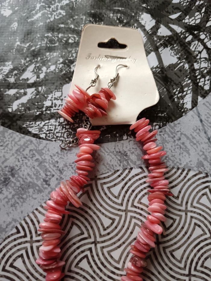 Ensemble Collier et boucle d oreille Rose/fushia #bijouxdomi045
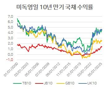 미국은 금융위기와 코로나19 극복 과정에서 막대한 재정을 지출했다. 일본은 30년간의 장기침체에서 벗어나기 위해 천문학적 제정을 지출했다. ‘요람부터 무덤까지의’ 나라인 영국은 복지 강화에 재정을 주로 썼다. 재정건전성을 중요시한 독일은 최근 경기 부양을 위해 부채비율 상승을 감수하고 재정지출을 늘리기로 했다. 독일의 재정지출 확대에 대해서는 긍정적인 평가가 많지만, 어쨌든 나라 모두 장기국채금리는 뚜렷한 상승세다.
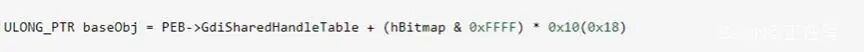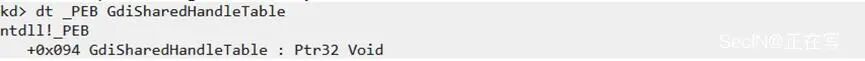 在R3通过CreateBitmap创建位图成功后会得到一个hBitmap,如果要在R3去泄露该对象在内核中的地址可以通过GdiSharedHandleTable获取。GdiSharedHandleTable位于PEB+0x94的位置。
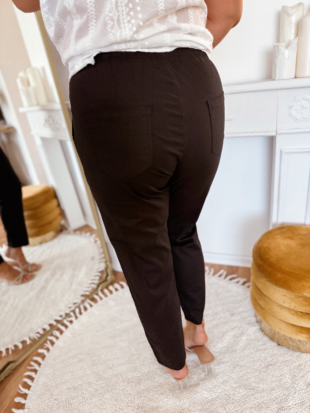 Fekete, gumis derekú nadrág
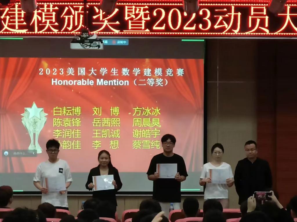 会议伊始,主持人宣读2022全国大学生数学建模竞赛及2023美国大学生数学建模竞赛获奖学生名单,与会领导及教师分别为获奖学生颁发获奖证书并合影留念。2022年全国大学生数学建模竞赛我院共获省一等奖5项、省二等奖9项,同时,学院荣获优秀组织工作奖;2023美国大学生数学建模竞赛获F(特等提名)奖1项、H(二等奖)奖4项、S(三等奖)奖28项。随后,优秀获奖队伍代表张秦阳同学分享了自己的参赛历程与获奖经验。
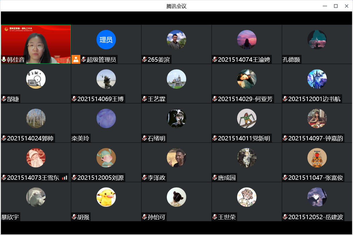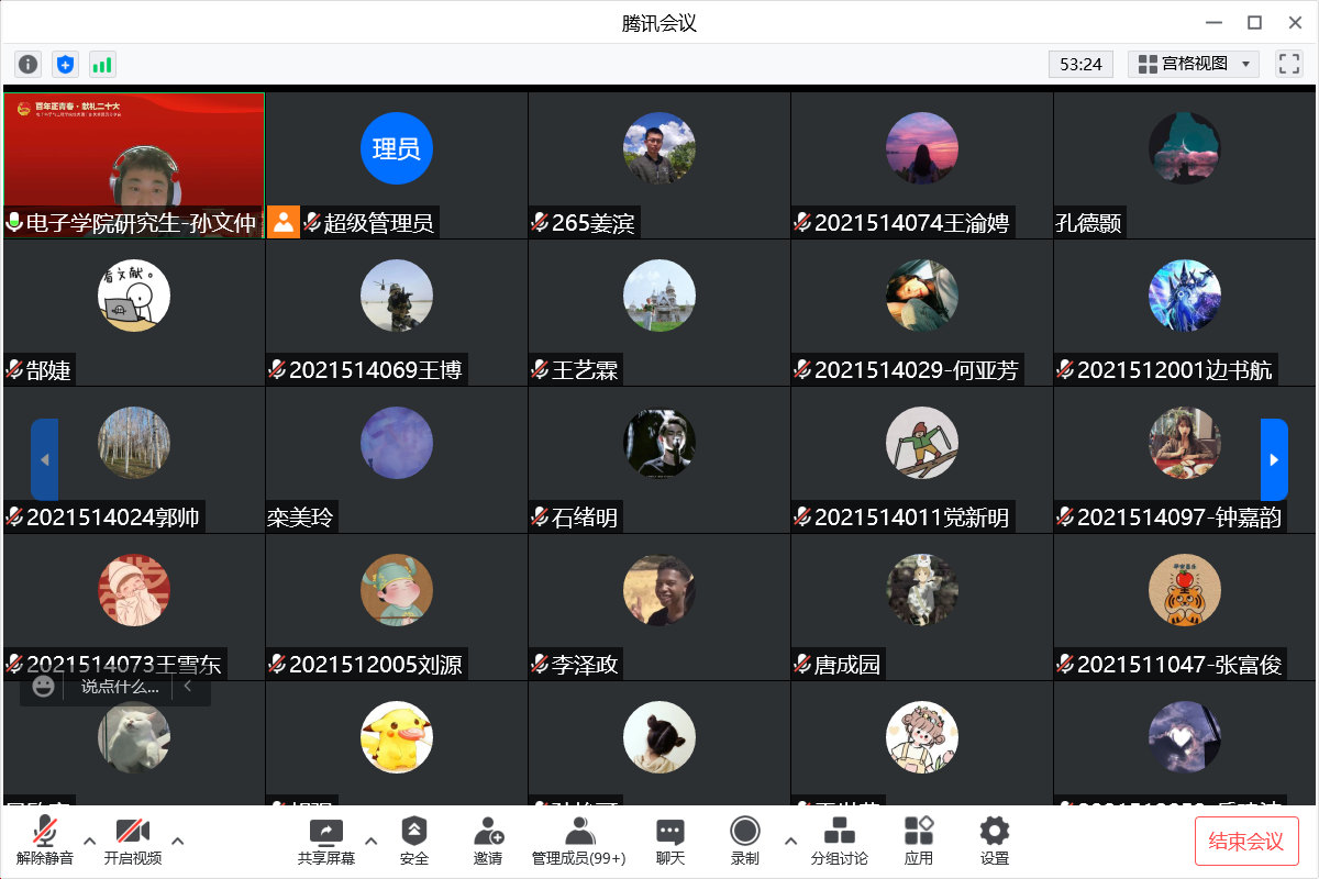 会上,研究生团干部、团员代表顺次发言,结合自身学习、生活、工作的经历分享了经验与感悟。2019级博士李臻赜、2020级博士李为佳和2021级博士蒋理分别作为博士三个团支部代表讲述了学术研究过程中攻坚克难的不懈奋斗,体现新时代青年人自强不息的创新精神,给予师弟师妹们鼓励与信心,要“志不求易、事不避难”;2019级硕士杨丽萍、周朝歌、陈泓宇,2020级硕士孙文仲、王琳、韩佳音、周正,2021级硕士马雪南、刘伟、岳建波分别作为硕士十个团支部的代表,带领同学们重温共青团的发展历程,感受五四运动的热血与青春,分享疫情封控期间志愿服务过程中的感悟与体会,彰显青年人勇挑重担的使命与担当。
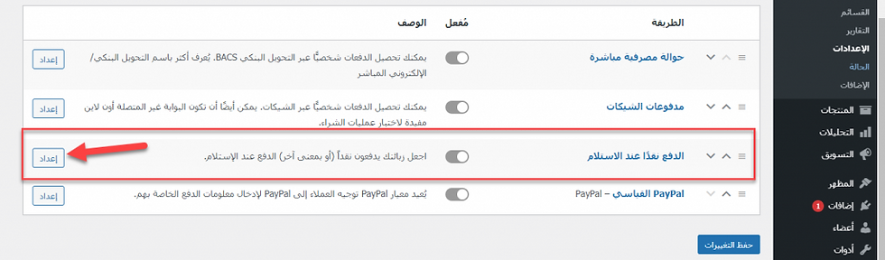 تفعيل أو تعطيل طريقة الدفع عند الاستلام داخل متجرك .

******

§ **EXERCISE BRIEF**
Please repeat, with no pictures, each line from the start of the records above through the line with "会议伊始,主持人宣读2022", inclusive, and only those.

§ **RESPONSE TO THIS EXERCISE**
 Ensemble Collier et boucle d oreille Rose/fushia #bijouxdomi045
 미국은 금융위기와 코로나19 극복 과정에서 막대한 재정을 지출했다. 일본은 30년간의 장기침체에서 벗어나기 위해 천문학적 제정을 지출했다. ‘요람부터 무덤까지의’ 나라인 영국은 복지 강화에 재정을 주로 썼다. 재정건전성을 중요시한 독일은 최근 경기 부양을 위해 부채비율 상승을 감수하고 재정지출을 늘리기로 했다. 독일의 재정지출 확대에 대해서는 긍정적인 평가가 많지만, 어쨌든 나라 모두 장기국채금리는 뚜렷한 상승세다.
 在R3通过CreateBitmap创建位图成功后会得到一个hBitmap,如果要在R3去泄露该对象在内核中的地址可以通过GdiSharedHandleTable获取。GdiSharedHandleTable位于PEB+0x94的位置。
 Fekete, gumis derekú nadrág
 会议伊始,主持人宣读2022全国大学生数学建模竞赛及2023美国大学生数学建模竞赛获奖学生名单,与会领导及教师分别为获奖学生颁发获奖证书并合影留念。2022年全国大学生数学建模竞赛我院共获省一等奖5项、省二等奖9项,同时,学院荣获优秀组织工作奖;2023美国大学生数学建模竞赛获F(特等提名)奖1项、H(二等奖)奖4项、S(三等奖)奖28项。随后,优秀获奖队伍代表张秦阳同学分享了自己的参赛历程与获奖经验。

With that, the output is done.